Indice dei contenuti
ToggleLa patente, non il motore
Il paragone più utile è quello con la guida. Per guidare un’automobile in sicurezza non serve conoscere il ciclo termodinamico del motore né saper smontare un cambio. Serve altro: sapere che in curva non si sorpassa, che la distanza di frenata cresce con la velocità, che con la nebbia si rallenta, che l’alcol e il volante non stanno insieme. La patente non attesta competenza meccanica. Attesta la comprensione dei limiti del mezzo e delle regole d’uso.
L’alfabetizzazione AI per i non tecnici funziona allo stesso modo.
Non serve saper addestrare un modello, né conoscere l’algebra che ci sta dietro. Serve capire come si comporta lo strumento, dove tende a sbagliare, quali usi sono vietati o rischiosi e come si controlla il risultato prima di usarlo. È un corpo di conoscenze compatto, acquisibile in settimane, che cambia in modo misurabile la qualità e la sicurezza dell’uso quotidiano. E come per la patente, la differenza tra chi ce l’ha e chi improvvisa non si vede nelle giornate tranquille: si vede quando qualcosa va storto.
Vale anche la definizione in negativo. L’alfabetizzazione AI non è la raccolta di trucchi per formulare richieste, che invecchiano a ogni aggiornamento dei modelli e spesso non sopravvivono nemmeno al passaggio da uno strumento all’altro. Non è programmazione, che resta un mestiere. E non è nemmeno cultura generale sull’intelligenza artificiale, la storia della disciplina o il dibattito sulle sue prospettive: interessante, ma non aiuta a decidere se il riassunto appena generato sia affidabile. È una competenza operativa, con un contenuto preciso, ed è quel contenuto che le prossime sezioni mettono in fila.
Il minimo tecnico indispensabile: token, contesto, probabilità
Tre concetti tecnici bastano a orientare quasi tutte le decisioni d’uso, e nessuno dei tre richiede matematica.
Il primo: un modello linguistico non ragiona per parole ma per token, frammenti di testo, e genera la risposta calcolando di volta in volta il frammento successivo più probabile sulla base di quanto ha visto durante l’addestramento. Non consulta un archivio di fatti, non verifica ciò che scrive, non sa di sapere o di non sapere. Produce il testo statisticamente più plausibile data la richiesta. Questa singola frase, ben compresa, spiega da sola la maggior parte dei comportamenti che sorprendono gli utenti: la sicurezza espositiva immotivata, gli errori su dettagli banali, le risposte diverse alla stessa domanda.
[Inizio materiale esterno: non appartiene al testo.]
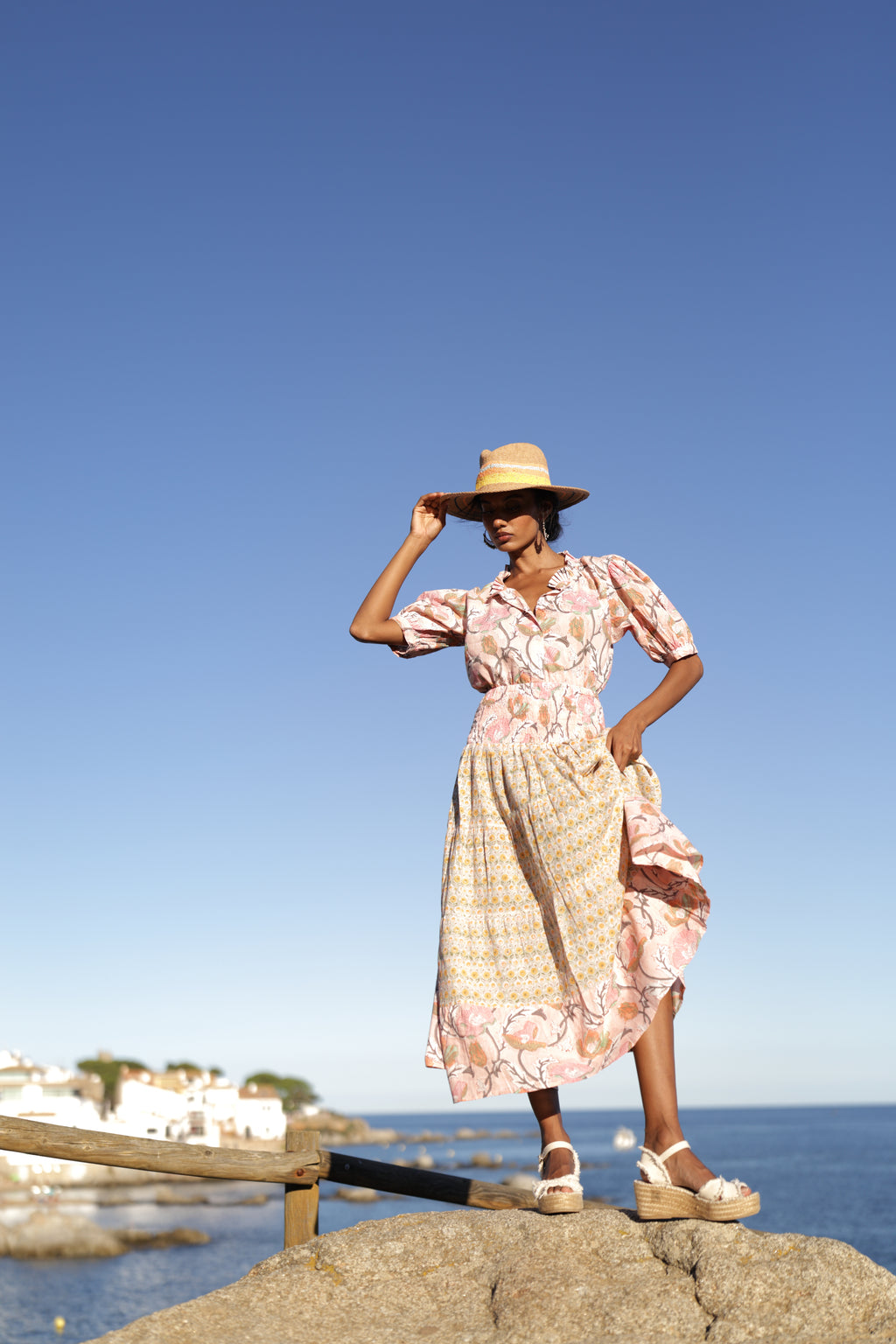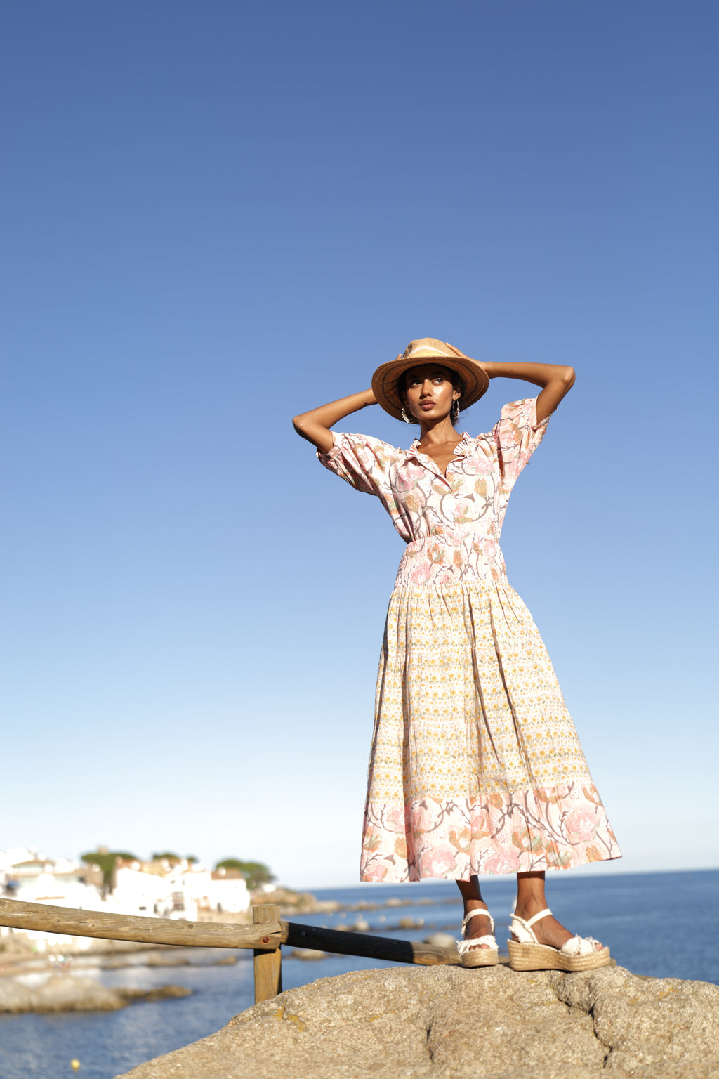Questa gonna lunga è un inno allo stile bohémien e romantico, realizzata in cotone leggero per offrire freschezza e comfort a ogni movimento. Il suo design fluido è impreziosito da una stampa rosa e gialla, che le conferisce un tocco artigianale e femminile. Con un taglio lungo e fluido, questo capo è ideale per passeggiate al mare o eventi all'aperto. Abbinala a camicette leggere o top aderenti per un look estivo ricco di fascino e personalità.

Il secondo: il contesto è finito. Ogni modello lavora dentro una finestra di attenzione che comprende la conversazione e i documenti forniti; ciò che ne esce, per lunghezza o per distanza, smette di influenzare le risposte. Chi carica un documento di duecento pagine e si stupisce che il sistema trascuri il capitolo dodici non ha incontrato un difetto: ha incontrato un limite strutturale che occorre conoscere per organizzarci il lavoro attorno.
Il terzo: la generazione è probabilistica, quindi variabile. Lo stesso identico prompt può produrre risposte diverse in momenti diversi. Per un uso creativo è una risorsa. Per un uso documentale o di calcolo è un’insidia, perché il controllo fatto ieri non garantisce l’output di oggi.
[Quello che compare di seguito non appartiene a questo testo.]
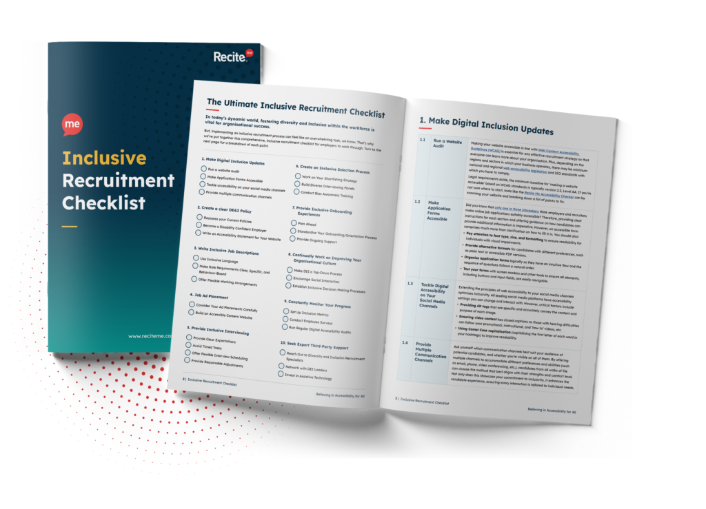 At Recite Me we know the importance of inclusion, that’s why we help so many organisations around the world become more inclusive. We provide a number of different accessibility tools that can aid organisations in a number of different ways, including recruitment practices. Some of these tools include:

A questi tre se ne aggiunge un quarto, più prosaico: la conoscenza del modello si ferma alla data del suo addestramento, salvo che lo strumento non integri una ricerca esterna. Chiedere a un sistema informazioni su eventi recenti senza sapere se e come accede a fonti aggiornate significa confondere due prodotti diversi che abitano la stessa interfaccia. L’utente alfabetizzato sa distinguere quando il sistema attinge alla propria memoria statistica e quando sta citando documenti reali, e regola la fiducia di conseguenza.
Chi padroneggia questi concetti smette di trattare il sistema come un oracolo e comincia a trattarlo come uno strumento con specifiche note. È il salto che conta.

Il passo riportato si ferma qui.